Comparison of time periods and other international series.

  Period A  Period B  Total series  USA  Europe  Asia 
Period  2000–2014  2014–2022  2000–2022  2006–2020  1998−2018  2006−2020 
N of cases, n  109  197  306  500  1232  382 
Female sex (%)  67%  58%  61%  53%  47%  36% 
Age, mean  55  61  57  59  66  71 
Most frequent indication  CRM  CRM  CRM  HCC  CRM  HCC 
Benign pathology, n (%)  57 (52%)  84 (43%)  141 (46%)  180 (36%)  122 (10%)  16 (4%) 
Malignant pathology, n (%)  52 (48%)  113 (57%)  165 (54%)  320 (64%)  1110 (90%)  366 (96%) 
Resections <, n (%)  96 (89%)  160 (81%)  256 (84%)  367 (73%)  699 (57%)  330 (86%) 
Resections >, n (%)  13 (11%)  37 (19%)  50 (16%)  133 (27%)  533 (43%)  52 (14%) 
Conversion, n (%)  9 (9%)  41 (21%)  50 (16%)  71 (14%)  39 (3%)  26 (7%) 
Morbidity, n (%)  11 (11%)  40 (20%)  51 (17%)  68 (14%)  246 (20%)  32 (8%) 
Complications <, n (%)  7 (7%)  20 (10%)  27 (9%)  55 (11%)  119 (10%)  23 (6%) 
Complications >, n (%)  4 (4%)  20 (10%)  24 (8%)  13 (3%)  127 (10%)  9 (2%) 
Mortality, n (%)  1 (1%)  2 (1%)  3 (1%)  1 (0.2%)  4 (0.3%)  0 (0%) 

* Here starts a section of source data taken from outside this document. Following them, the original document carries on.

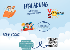 WeiterlesenWir laden herzlich zu unserem Tag der offenen Tür am Donnerstag, 11. Dezember, von 09:00 bis 11:00 Uhr in der VS Kainach ein.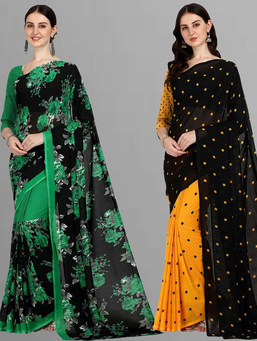 women pack of 2 casual wear combo sarees with blouse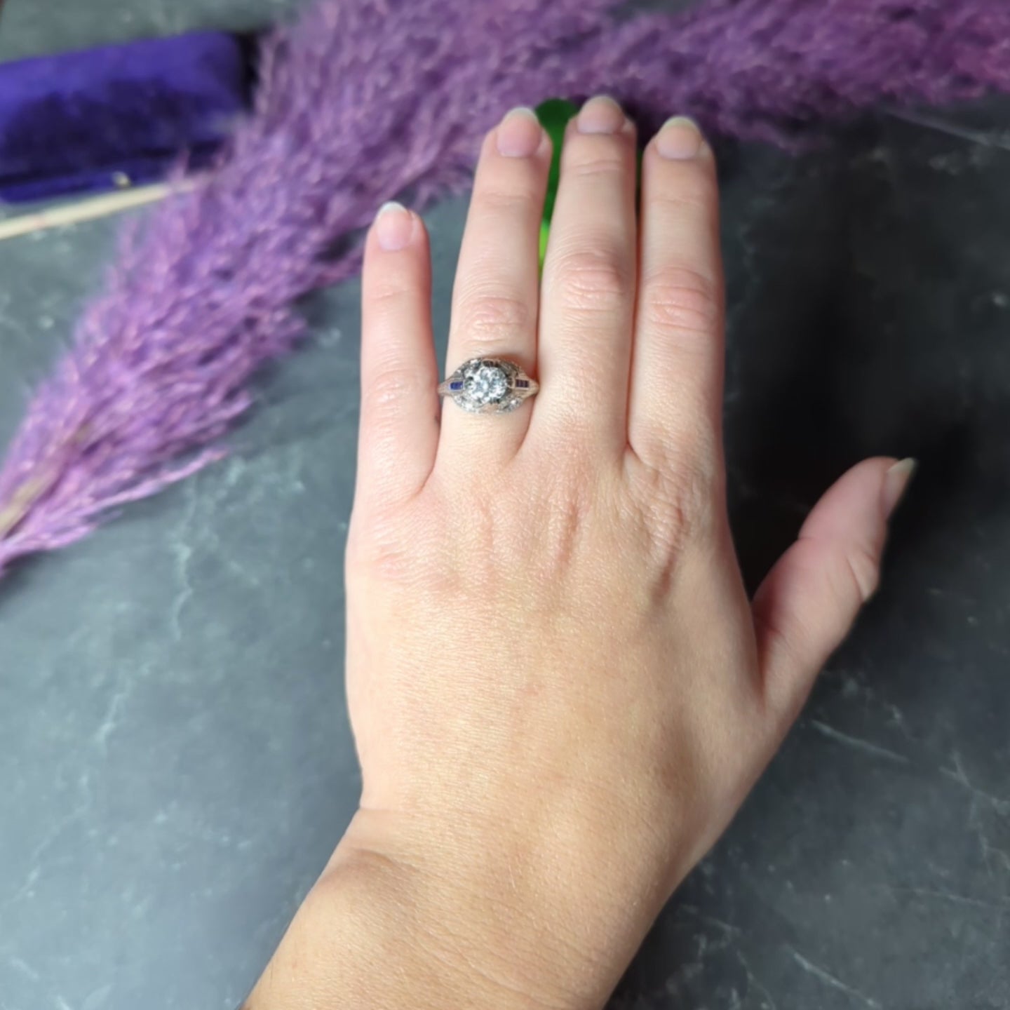 - Flanked by French cut sapphires channel set in shoulders

When we compared the results analyzed (Period B) with our own experience at the beginning of the program (2000–2014, Period A)9, we observed that the most frequent indication for LLR continued to be CRM, similar to reports by large European series21,22. Hepatocellular carcinoma and gallbladder cancer are in second and third place in Period B, showing an increase in the indication for laparoscopic resection; this trend has also been reported by study centers in North America and Asia, where they have surpassed CRM19,20. Also, although the sample size does not allow for in-depth analysis of the different pathologies, in the cases of gallbladder cancer this was carried out descriptively (Fig. 5) since the treatment and prognosis vary greatly depending on the stage. It is worth mentioning that in our cohort, which represents 10.1% (n = 20) of the indication for LLR, 70% of the cases were diagnosed due to incidental findings in post-cholecystectomy pathology. In 5 instances, the diagnosis was preoperative due to non-specific abdominal pain, and one patient was diagnosed with prostate cancer during follow-up oncological studies. Right trisegmentectomy was performed in only one case (T4N0Mx), and in the remaining 19 cases we enlarged the gallbladder bed, froze the cystic duct, and emptied the hepatic pedicle. The pathology study was compatible with the absence of atypia in most cases, which is consistent with the fact that we, like Chile, are in an area with a regional incidence of gallbladder cancer, where radical second-stage surgery is completed laparoscopically.

Fig. 5.

Overall survival, gallbladder cancer. Overall survival according to the Kaplan–Meier estimator.

(0.07MB).

In our experience, the number of major LLR increased from 11% to 18.8% (Table 4), which resulted in an increase in overall morbidity but no increase in major complications (D–C > IIIB), reoperations (which remained low at 4.1%), or mortality (which continued to be less than 1%). The conversion rate of Period B reached 20%, a number that exceeds most reported series19,21,22. We believe this may be due to multiple factors that merit further study, such as patient comorbidity, larger resection size, greater complexity of the procedures, and unexpected intraoperative findings.

Over the last two decades, the indications for surgery, patient complexity and procedural complexity have expanded significantly. In the hands of trained surgeons, the use of laparoscopic liver resections continues to grow safely, and we have observed an increase in the indication of LLR for malignant pathologies and major resections. This trend has also been noted in other large medical centers around the world as LLR becomes the method of choice for surgical treatment of most liver tumors.

Funding

This research study has received no specific funding from public, commercial or non-profit entities.

Conflicts of interests

None to declare.

Acknowledgements

The authors would like to thank Dr Sebastián Marciano for his guidance and contributions to the methodology.